Types of market failure
There are three main types of market failure:
1) Externalities
2) Under-provision of public goods
3) Information gaps
Externalities
The cost or benefit a third party receives from an economic transaction outside of the market mechanism. In other words, it is the spillover effect of the production or consumption of a good or service. This leads to the over or under-production of goods, meaning resources aren’t allocated efficiently.
For example, cars and cigarettes have negative externalities whilst education and healthcare have positive externalities.
Under-provision of public goods
Public goods are non-rivalry and non-excludable, meaning they are underprovided by the private sector due to the free-rider problem.

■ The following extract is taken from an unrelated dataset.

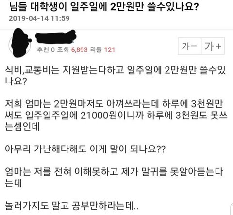 해당 글 작성자는 올해 대학생이 되었으며 집에선 "식비 + 교통비"지원이 답니다.

The market is unable to ensure enough of these goods are provided. One of the best examples of a public good is streetlights.
Information gaps
Homo economicus is assumed to have perfect information, allowing them to make rational decisions. Similarly, firms are assumed to have perfect information on their cost and revenue curves and governments are assumed to know the full cost and benefits of each decision. In reality, this is not the case.
Therefore, economic agents do not always make rational decisions and so resources
are not allocated to maximise welfare. For example, consumers do not know the quality of second hand products, such as cars, and pension schemes are complex so it is difficult to know which one is best.